Up until this section, differences I’ve shown you between Ruby and PHP has been largely 1:1. Sure there are some syntatic sweetness to Ruby and a slightly different structure to commands because of it’s OOP approach to all the things.

Namespacing will be the first big diverage from what you expect.

Like before, let’s start with a PHP interpretation of Namespacing that we both know and love.

Let us assume we have a PSR-4 defined namespace, and our composer.json file says so:

{
    "name": "dylanpierce/examples",
    "require": {},
    "authors": [
        {
            "name": "Dylan Pierce",
            "email": "me@dylanjpierce.com"
        }
    ],
    "autoload": {
        "psr-4": {
            "PHPtoRuby\\": "app/"
        }
    }
}

Then let’s assume we have a lovely Cat.php inside of our app directory. So you can find Cat at app/Cat.php.

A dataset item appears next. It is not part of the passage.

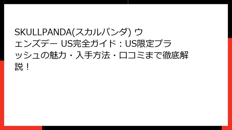 この導入部だけでも、SKULLPANDA(スカルパンダ) ウェンズデー USの魅力が伝わったでしょうか?さらに深く知りたい方は、続きをお読みください。

Since we’re adding Cat to the PHPtoRuby namespace, we have to update our Cat.php file to be included in that namespace:

// this is the contents of app/Cat.php

// we need to define that we're inside of the PHPtoRuby namespace now.
namespace PHPtoRuby;

class Cat {
  public function meow() {
    echo 'meow';
  }
}

Finally we run composer dump which will read the psr-4 entry and autoload our Cat class inside of our defined PHPtoRuby namespace:

// this is the contents of index.php

// Autoload the things:
require __DIR__ . '/vendor/autoload.php';

use PHPtoRuby\Cat;

$cat = new Cat;
$cat->meow();

=> 'meow'

Namespaces in Ruby

Just to clear up a misconception right off the bat, there is no dedicated namespace keyword concept in Ruby. But don’t fret, you can achieve the goal of namespacing in Ruby, which is to organize bunches of classes.

Maybe you’re starting to catch onto the overall theme so far, but there are actually muliple ways to achieve code organization in Ruby. It’s not so straightforward as PHP were we’re given one builtin option to modularize our code into “namespaces”.

Ah, great segway Dylan - yes the functionality we’re aiming for is modularization. We want to break up classes into clumps that make sense. One of my favorite ways of doing this was taught to me from my friend Frank (hi Frank) with the namespace by the context of the current user.

Say that your regular users have access to look up Pets in our Peer-to-Peer cat & dog sitting service called PetMyPets.

So you could have a group of classes devoted to controlling the pages and business logic for unauthenticated guests to the site:

PetMyPets\Front\Controllers\PetsController

Since there’s a slighty different context for owners of pets, where they can manage their pet’s profiles on the site it would belong to a different namespace called “Owner”:

PetMyPets\Owner\Controllers\PetsController

Lastly there could be another section of the site that’s reserved just for Administrators of the site, so they can moderate Pet profile listings and remove spam postings, etc:

PetMyPets\Admin\Controllers\PetsController

Let’s return to our Ruby-ifed Cat class:


class Cat
  def meow
    puts 'meow'
  end
end

Just for practice, let’s add a namespace around our Cat so we can isolate all of our local PHPtoRuby code in the same module:


module PHPtoRuby
  class Cat
    def meow
      puts 'meow' 
    end
  end
end

# Notice the namespacing separation isn't a '\' character
# it's actually '::' in Ruby
cat = PHPtoRuby::Cat.new
cat.meow

=> 'meow'

Let’s break this down into 2 major differences:

  1. The module wraps the entire class

You can think of the module almost like a PHP trait and a namespace mushed into one concept.

Like a namespace, it allows us to place multiple classes inside of it:


# import_cars/civic.rb

module ImportCars
  class Civic
    def miles_per_gallon
      30
    end
  end
end

civic = ImportCars::Civic.new


# import_cars/corolla.rb

module ImportCars
  class Corolla
    def miles_per_gallon
      32
    end
  end
end

corolla = ImportCars::Corolla.new

  1. A module cannot be instantiated

Just like a PHP trait a module cannot be instantiated on it’s own:


# indoor_cats.rb

module IndoorCats
  # crickets
end

=> indoor_cats = IndoorCats.new
*** NoMethodError Exception: undefined method `new' for IndoorCats:Module

trait IndoorCats {

}

$indoorCats = new IndoorCats;
=> Fatal error: Uncaught Error: Cannot instantiate trait IndoorCats in /home/pierce/projects/php_to_ruby/examples/IndoorCats.php:7
=> 

PHP’s Traits and Ruby’s Modules are more common than they lead on. We’ll cover more of that the Advanced Object Oriented Programming section.

But now you can see how Ruby’s interpretation of namespacing code and how it stacks up to PHP.